PJI Tolak Pendampingan Hukum Jaksa Pinangki, Wakil Ketua KPK: Berpotensi Munculkan Konflik Kepentingan

PJI Tolak Pendampingan Hukum Jaksa Pinangki, Wakil Ketua KPK: Berpotensi Munculkan Konflik Kepentingan

Wakil Ketua Komisi Pemberantasan Korupsi (KPK) Nawawi Pomolango memandang rencana pendampingan hukum Jaksa Pinangki Sirna Malasari dari institusi kejaksaan dalam perkara dugaan tindak pidana korupsi terkait kasus Joko Tjandra berpotensi memunculkan konflik kepentingan.

Nawawi mengatakan, Pinangki tak pantas mendapat pendampingan dalam proses hukum. Ia justru khawatir pendampingan dapat menimbulkan kecurigaan publik.
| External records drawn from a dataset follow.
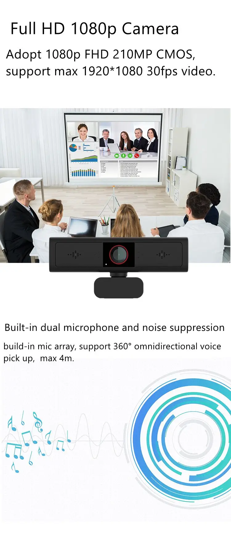 Noise level | < -48dBA | Interface | USB3.0 class B interface x1, RJ9 expansion microphone interface x2, 3.5mm microphone interface x1 | ||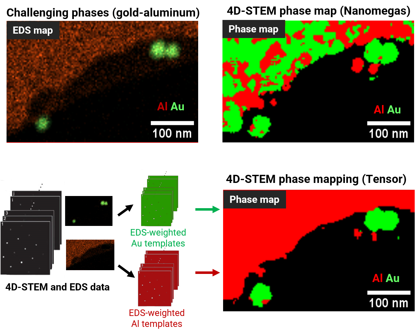 Resolve structurally similar crystalline phases with Tescan TENSOR by combining synchronized 4D-STEM and EDX signals for precise and reliable phase mapping.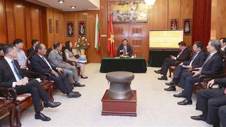 Quang cảnh buổi gặp các Đại sứ Việt Nam tại một số nước châu Âu của Chủ tịch Quốc hội Vương Đình Huệ. (Ảnh: Doãn Tấn/TTXVN).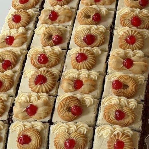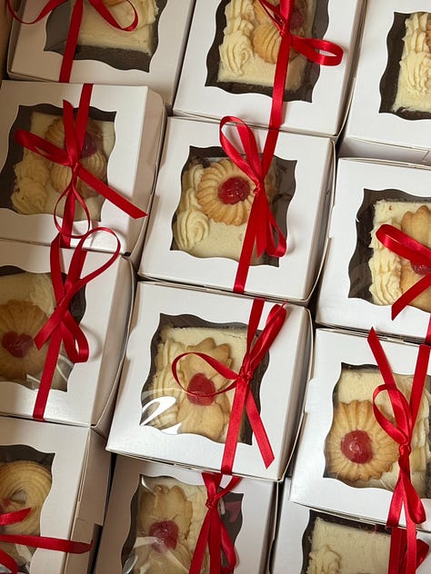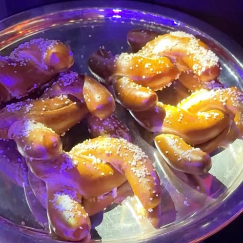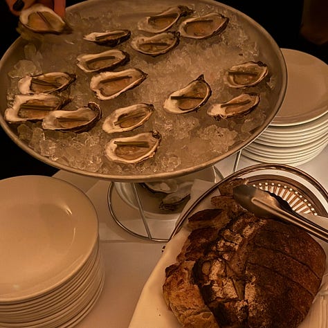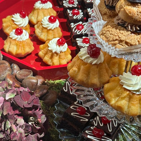 Some more delectable, memorable, holiday bites: Chanel had little interlocking C pretzels at their Métiers d’art afterparty – fun. Thistles & Highsnobiety hosted a party at Bridges, and the little bites were delicious, especially the cured tuna over dates. Feed Me, my favorite media newsletter, turned three (happy birthday) and held their holiday at the Waverly INN with a beautiful cake by Lauren Schofield. Lauren has been making so many gorgeous desserts this holiday season, and she made a gorgeous display with Romilly Newman at the new Baccarat flagship in the Meatpacking District. Cherry Bombe magazine (which has just joined Substack), threw a party for the launch of their cake issue. Claire Saffitz hosted a cookie exchange at Salt & Straw, I was so in love with her chewy molasses cookie ice cream flavor (somehow the cookie is still soft and chewy when frozen) I didn’t even try any of the other cookies. Loewe Perfumes has a pop-up at Rockefeller Center, and the new Iris Root is an instant favorite. I was lucky enough to get sent home with a bottle and have been wearing it as a daytime scent. The pop-up also has hot chocolates inspired by the new scents at the Glace truck outside. We went to Cafe Zaffri afterwards, and their fries were excellent.

"Pendampingan itu akan semakin menimbulkan prasangka kecurigaan publik dan dangat memberi kesan ketertutupan kejagung dalam menangani kasus dimaksud," ujar Nawawi ketika dihubungi, Kamis (20/8).

Maka dari itu, Nawawi meminta Kejaksaan Agung dapat mempertimbangkan kembali upaya pendampingan Pinangki dalam perkaranya.

"Akan sangat baik bagi kejagung jika meninjau kembali rencana pendampingan jaksa P (Pinangki) hanya karena argumen yang bersangkutan masih berstatus jaksa," tutur Nawawi.

Terpisah, Ketua Umum Persatuan Jaksa Indonesia (PJI) Setia Untung Arimuladi menegaskan tidak akan memberikan pendampingan hukum terhadap Pinangki. Sebab, menurut dia, kasus Pinangki bukan merupakan permasalahan hukum yang berkaitan dengan tugas profesional seorang jaksa.

"Persatuan Jaksa Indonesia (PJI) tidak akan memberikan pembelaan terhadap Jaksa PSM (Pinangki), mengingat perbuatan yang bersangkutan bukan merupakan permasalahan hukum yang terkait dengan tugas profesinya sebagai Jaksa, melainkan telah masuk dalam ranah pidana," ujar Setia dalam keterangan tertulis.

Setia memaparkan, pada dasarnya setiap anggota PJI berhak mendapat pendampingan hukum, termasuk Pinangki. Hal itu diatur dalam Pasal 15 ayat (1) huruf d Anggaran Rumah Tangga PJI. Pemdampingan hukum, kata dia, diberikan dalam bentuk penyiapan pendampingan oleh penasihat hukum guna memastikan terpenuhinya hak-hak anggota yang menghadapi masalah hukum sesuai KUHAP.

"Adapun pendampingan diberikan oleh penasihat hukum profesional, sehingga tidak menimbulkan benturan kepentingan (conflict of interest) dengan proses hukum yang sedang berjalan," ucap dia.

Hanya saja, menurut Setia, pendampingan hukum pada hakikatnya diberikan sebagai bentuk kewajiban organisasi dan diberikan kepada setiap anggota sebagai hak. Dalam hal menghadapi permasalahn hukum terkait dengan tugas profesi anggota selaku jaksa baik di dalam maupun di luar pengadilan.

"PJI sebagai pilar institusi Kejaksaan Republik Indonesia mendukung visi dan misi organisasi untuk menjunjung tinggi integritas dan profesionalisme dengan menindak Jaksa yang melakukan pelanggaran hukum, sehingga untuk memberikan pendampingan hukum, perlu mempertimbangkan kepentingan Institusi Kejaksaan yang lebih besar," tutur Setia.

Setia menyatakan, kasus Pinangki ini dapat menjadi peringatan bagi jaksa lain untuk tidak bermain-main dalam melaksanakan tugas, kewenangan, dan pengabdian bagi institusi.

"Saya selaku Ketua Umum PJI mengajak untuk bersama sama bersatu menjaga integritas, profesional, ikhlas dalam bekerja, dan berkarya untuk masa depan Institusi Kejaksaan yang lebih baik," tutupnya.

Sebelumnya, Kepala Pusat Penerangan dan Hukum (Kapuspenkum) Kejaksaan Agung Hari Setiyono mengatakan, saat ini Jaksa Pinangki masih berstatus sebagai jaksa dan masuk dalam organisasi kejaksaan yaitu Persatuan Jaksa Indonesia (PJI). Dengan masih melekatnya status Jaksa dalam diri Pinangki, maka ia tetap mendapat pendampingan hukum dari PJI jika terjadi masalah.